Formation and Registration of community based groups

Formation and registration of community based organisations as common law trusts enables community based groups to exist as legal entities that can represent community interests and needs in matters that require legal and non-legal interventions. In this case community members with a shared vision of community development can come together and form a common law trust under a Notarial Deed of Trust and Donation executed before a notary public. By law a common law trust should have trustees and beneficiaries. Trustees will hold any assets or property or do any other thing in trust for the benefit of beneficiaries. Therefore, whenever a community based organisation is registered as a trust, the trustees are supposed to ensure that all the projects benefit the community which will be the beneficiary.  It was observed by ZELA that the formation and registration of community based groups serves to build the legal capacity and confidence of such groups to demand equitable and fair service provision and to foster self reliance and income generation for poverty reduction in both urban and rural communities.

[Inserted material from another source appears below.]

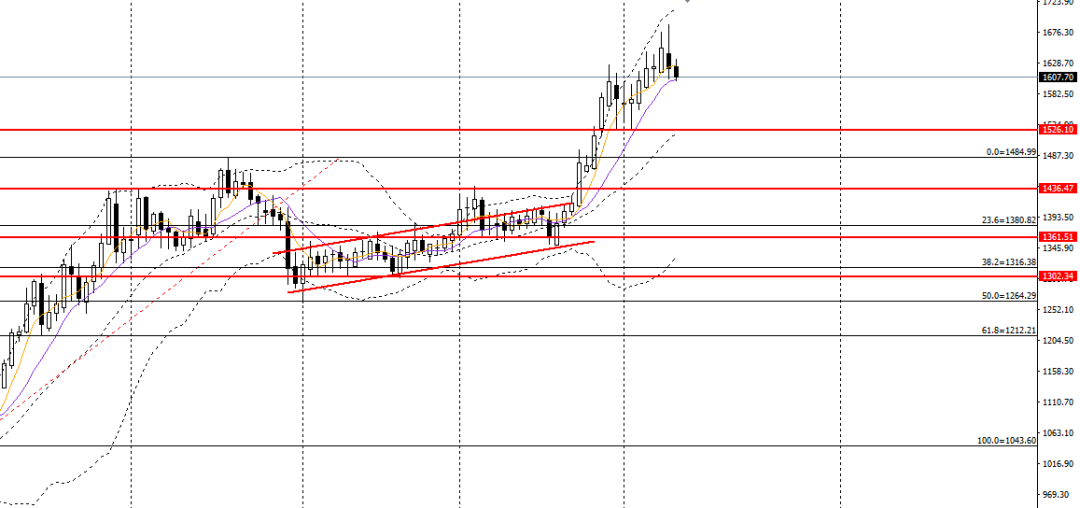 铂金破高反跌,失守5日均线,日线RSI回落,1680附近面临强压,短线趋势转弱,后市预计将下探1600关口,如进一步失守,可看空至1550。

By facilitating the formation and registration of community groups as common law trusts in Marange, Mbire, Chiredzi and Harare, ZELA observed that once community groups exist as legal entities they were able to open bank accounts, enter into contractual agreements with the private sector operators and purposefully engaged local authorities and other government departments on issues affecting the whole community. This was witnessed in Marange where the Chiadzwa Community Development Trust has been engaging diamond mining companies and in Harare where environmental action groups have been actively calling on local authorities and the private sector to improve environmental service delivery. In addition, community based groups in urban and rural areas have also been embarking on income generating activities such as recycling waste (in Dzivarasekwa) and cattle rearing (in Kanyemba in Mbire District). In Marange, Mbire and Harare it was noted that government officials and private companies were more responsive to the collective demands of legally recognised groups than of individual members of the community. There are several community groups that were registered by ZELA that now exist as legal entities and are now powerful voices of the community. These include the Chiadzwa Community Development Trust in Marange diamond mining area, the Chapoto Community Development Trust in Kanyemba Communal lands in Mbire District, the Chibhememe Earth Healing Association (CHIEHA) in Chiredzi and other groups in Harare that are spearheading community projects on waste management. In urban areas the registration of the group has built their confidence and they are now able to approach local government officials and other stakeholders as a collective entity. Consequently, formation and registration of community trusts lead to improved community participation and consultation in urban environmental planning, budgeting and social service provision and governance. The groups are now demanding for access to services on behalf of the community without fear of victimisation.